▶ [What this task involves]: In the entries that follow, find the line containing "- Eye gel mask: handmade"; from there, copy every line exactly through the line containing "Canpol babies śliniak".

▶ [Extracted records]:
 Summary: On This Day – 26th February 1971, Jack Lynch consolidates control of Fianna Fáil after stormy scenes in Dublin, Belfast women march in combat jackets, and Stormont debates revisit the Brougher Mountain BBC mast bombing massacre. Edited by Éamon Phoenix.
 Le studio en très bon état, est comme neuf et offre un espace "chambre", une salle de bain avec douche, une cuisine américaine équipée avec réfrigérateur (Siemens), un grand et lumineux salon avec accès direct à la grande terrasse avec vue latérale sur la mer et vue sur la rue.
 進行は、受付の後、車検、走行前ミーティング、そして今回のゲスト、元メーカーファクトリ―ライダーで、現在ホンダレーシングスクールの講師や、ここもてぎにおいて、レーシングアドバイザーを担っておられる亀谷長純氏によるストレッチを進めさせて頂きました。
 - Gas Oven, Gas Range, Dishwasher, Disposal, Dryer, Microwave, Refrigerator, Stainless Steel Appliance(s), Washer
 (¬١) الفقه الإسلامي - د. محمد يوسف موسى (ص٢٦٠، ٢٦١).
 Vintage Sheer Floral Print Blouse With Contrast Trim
--
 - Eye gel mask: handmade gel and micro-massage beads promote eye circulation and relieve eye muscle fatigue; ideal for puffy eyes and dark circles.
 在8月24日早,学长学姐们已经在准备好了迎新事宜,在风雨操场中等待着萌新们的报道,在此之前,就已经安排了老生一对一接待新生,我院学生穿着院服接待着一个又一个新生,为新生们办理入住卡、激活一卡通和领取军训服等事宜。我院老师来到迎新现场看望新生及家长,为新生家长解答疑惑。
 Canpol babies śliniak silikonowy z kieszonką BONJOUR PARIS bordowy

▶ [Response to the task]:
 - Eye gel mask: handmade gel and micro-massage beads promote eye circulation and relieve eye muscle fatigue; ideal for puffy eyes and dark circles.
 在8月24日早,学长学姐们已经在准备好了迎新事宜,在风雨操场中等待着萌新们的报道,在此之前,就已经安排了老生一对一接待新生,我院学生穿着院服接待着一个又一个新生,为新生们办理入住卡、激活一卡通和领取军训服等事宜。我院老师来到迎新现场看望新生及家长,为新生家长解答疑惑。
 Canpol babies śliniak silikonowy z kieszonką BONJOUR PARIS bordowy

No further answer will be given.